As a result of heating the beef 700 at a power of 63W in the apparatus, the temperature of the upper end surface of the beef 700 has increased from an initial temperature of -7 ℃ to 3 ℃ after five minutes whereas when the beef 700 is thawed at room temperature an increase to -3 ℃ is shown after five minutes. Ten minutes thereafter, the temperature of the beef 700 thawed at room temperature increases to -2.3 ℃, which is a small increase in temperature as compared with the temperature measured five minutes earlier. In contrast, the heating of the beef 700 in the apparatus leads to a significant temperature increase, such as to 4 ℃ for the upper end surface and 8 ℃ for the lower end surface.

FIG. 8 is a view illustrating a result of heating by an apparatus adopting a different number of helical coils according to an embodiment of the present disclosure.
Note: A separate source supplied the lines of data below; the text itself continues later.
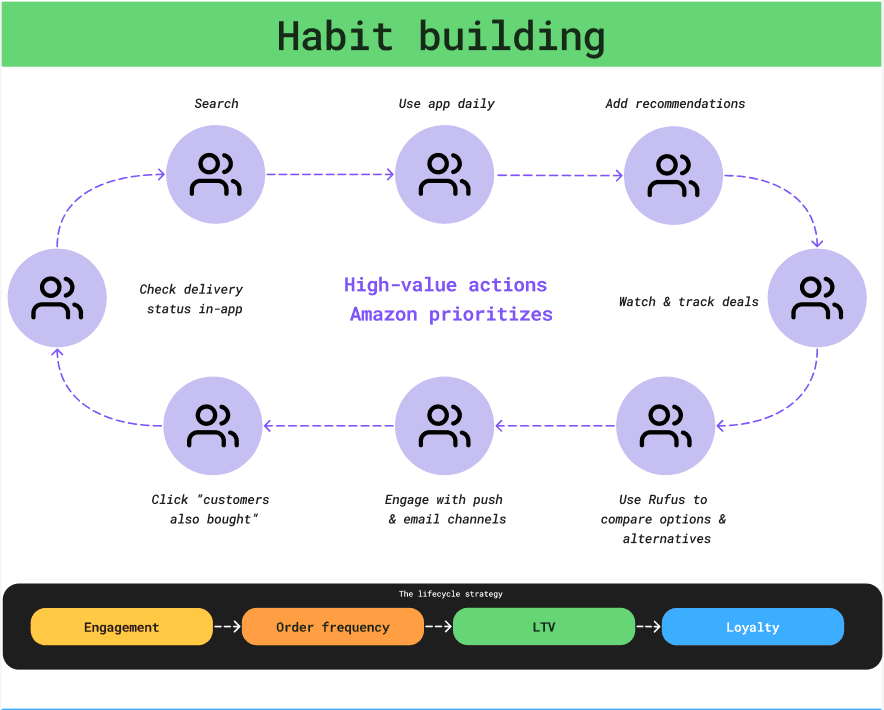 For Amazon, Black Friday isn’t just a moment to close transactions; it’s a moment to build habits. The lifecycle team uses the 12-day BFCM window to reinforce the behaviors that drive Amazon’s year-round revenue. The real objective is teaching customers to return tomorrow and not just buy today. BFCM is simply the mechanism that triggers the key habits that Amazon wants to build:
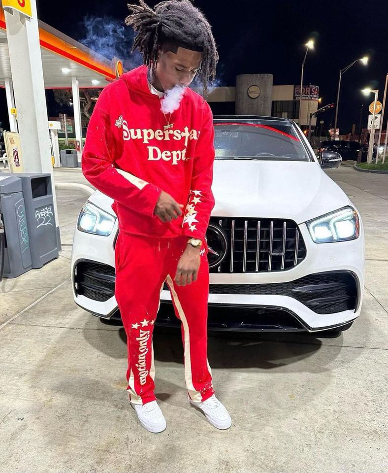 Custom High Quality Men's Red Stacked Fleece Tracksuits Casual Streetwear Hoodie Pants Set Zip Contrast Hood Faded Distressed
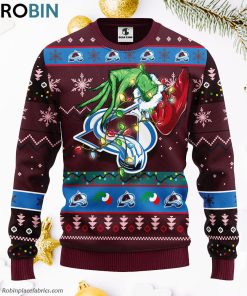 Get into the holiday spirit with this festive Colorado Avalanche Grinch Ugly Christmas Sweater. This sweater features a playful design inspired by the beloved Dr. Seuss character, the Grinch. The Grinch is dressed in a Colorado Avalanche jersey, holding a hockey stick and wearing a mischievous grin on his face. The sweater is made from cozy and comfortable materials, perfect for wearing during the winter months. With its vibrant colors and eye-catching design, this sweater is sure to be a hit at any holiday gathering or Colorado Avalanche game. Show off your love for both the holiday season and your favorite hockey team with this fun and festive sweater.
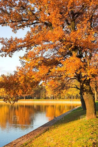 Осенний парк и озеро
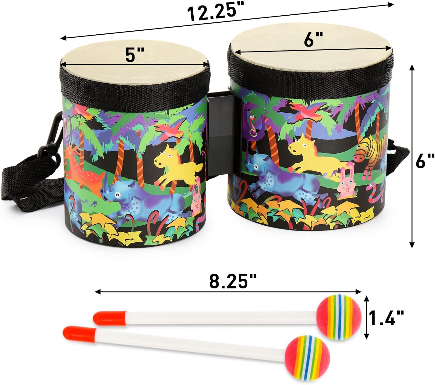 как выглядит 5" and 6" Bongo Drum with Storage Bag and Mallets, Hand Drum Kids Drum Set Percu фото
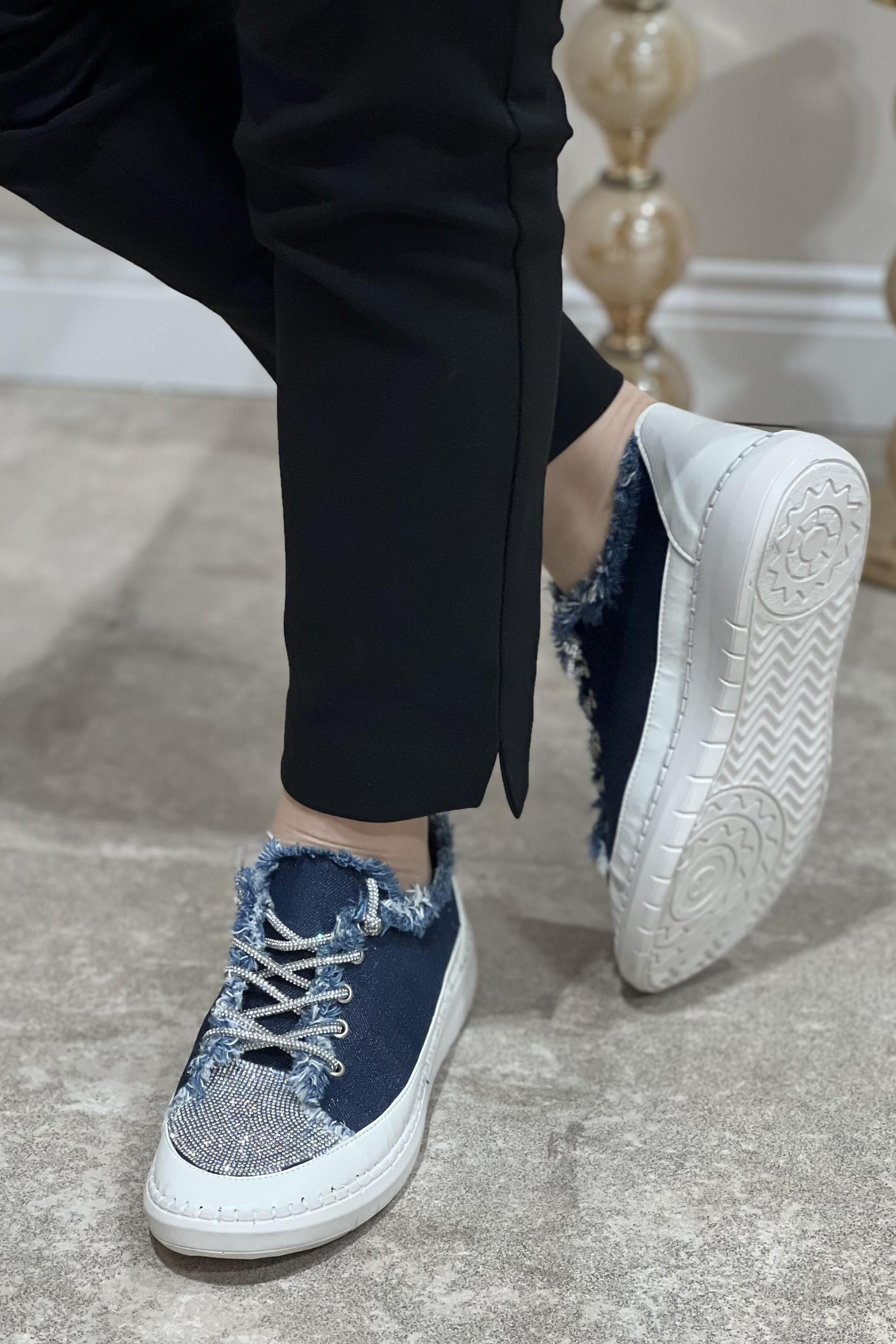 Majensia Önü Taşlı Ve Taş Bağlı Kot Sneaker Ayakkabı

Referring to FIG. 8, a first apparatus 800 includes a single helical coil 804a disposed in a housing, and a second apparatus 802 includes two helical coils 804b disposed in a housing. As the same power, 1000W, is applied to each apparatus, the whole 1000W power is applied to the single helical coil 802a in the

first apparatus

800, and 500W power is applied to each of the two helical coils 804b in the second apparatus 802.

As a result obtained by heating an object 806 for ten minutes, the object 806 remains frozen at -10 ℃ when using the first apparatus 800 and the second apparatus 802. However, when the second apparatus 802 is used to defrost the object 806, the object 806 exhibits a more even heat distribution. FIG. 8 illustrates an example of mapping temperatures corresponding to expected defrosting times with different colors.

The sample defrosted by the first apparatus 800 shows varying internal temperatures of the object 806 (e.g., five different temperature values) which correspond to different expected defrosting times. In contrast, the object 806 defrosted in the apparatus 802 is defrosted relatively evenly, overall presenting a reduced number of varying internal temperatures (e.g., three different temperature values).

FIG. 9 is a view illustrating expected defrosting times respectively for when no shielding plate is mounted on outer walls of a first apparatus and when a shielding plate is mounted on outer walls of a second apparatus according to an embodiment of the present disclosure.

Referring to FIG. 9, for convenience of description, the first apparatus 900 and the second apparatus 902 are assumed to be based on apparatus 802 where the apparatus 900 does not include a shielding plate and the second apparatus 902 includes a shielding plate.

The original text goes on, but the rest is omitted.